The ugly truth behind Obama's Syria plan

Targeted strikes to punish Assad will only perpetuate the conflict – and that's exactly what the American government wants.

America's aims in Syria are not what the government wants you to think.

You can see the evidence in what action is being suggested. Jay Carney, the White House chief spokesman, yesterday categorically ruled out regime change as an objective. “The options that we are considering are not about regime change,” he said to the assembled White House press corps. “They are about responding to a clear violation of an international standard that prohibits the use of chemical weapons.” But the targeted strikes being proposed will only perpetuate the butchery – and that is what they are designed to do.

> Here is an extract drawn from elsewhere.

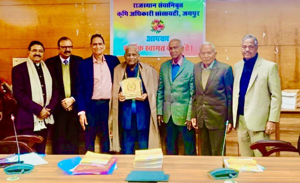 जयपुर में राज्य कृषि प्रबंध संस्थान दुर्गापुरा के सभागार में आयोजित राज्य स्तरीय मीटिंग में प्रसिद्ध समाजसेवी डॉ. राजेन्द्र कुमार जैन का सार्वजनिक अभिनंदन किया गया। इस मीटिंग में कृषि विभाग, कृषि विश्वविद्यालय, बैंकिंग सेवा के प्रदेश भर से सेवा निवृत्त कृषि से जुड़े अधिकारियों ने भाग लिया। कार्यक्रम में सोसायटी के सूचना एवं प्रसार मंत्री डा शंकर बाबू ने बताया कि इस मीटिंग में सोसायटी के वरिष्ठ सदस्य डॉ. राजेन्द्र कुमार जैन का 80 वर्ष की आयु प्राप्त करने और सोसायटी को विशेष सहयोग प्रदान करने पर माला दुपट्टा और शॉल ओढ़ाकर सार्वजनिक अभिनंदन किया गया तथा भामाशाह सम्मान के रूप में प्रतीक चिन्ह भेंट कर सम्मानित किया गया, जानकारी पर ज्ञात हुआ कि डॉ. राजेन्द्र जैन ने बेल्जियम से पी.एच.डी की उपाधि प्राप्त करके लंबे समय तक अपनी सेवाएं कृषि विभाग में दी थीं।

A true solution to the conflict in Syria would have been difficult and incredibly complex even two years ago. It would take a long time, and more money than would probably be palatable to either Britain or America. Solving this problem would mean attempting rapprochement between two factions whose hatred for each other is drenched in the blood of thousands and steeped in years of murder. It is probably impossible.

But nobody is even talking about a solution, and there's a reason for that.

America is not interested in regime change. Obama does not want to be a war-time president. Nor is he interested in the humanitarian argument for intervention for any more than rhetorical purposes. A cursory glance shows his 'red line' of the use of chemical weapons to be ridiculous. The death toll in Syria stands at more than a hundred thousand people. The rhetoric has been that Assad must be “punished” for the use of chemical weapons, but why? The tools used to reach this number are immaterial in the face of that horror. Who cares whether people were killed with shells, mortar or gas?

The truth is that evening the odds in Syria – which the West has already been doing, by drip-feeding supplies and weaponry to rebel forces – has turned a brief if bloody resolution into an interminable meat-grinder, in which no side has the decisive edge, and flattening out some more of Assad's tactical advantages will only maintain this grisly status quo.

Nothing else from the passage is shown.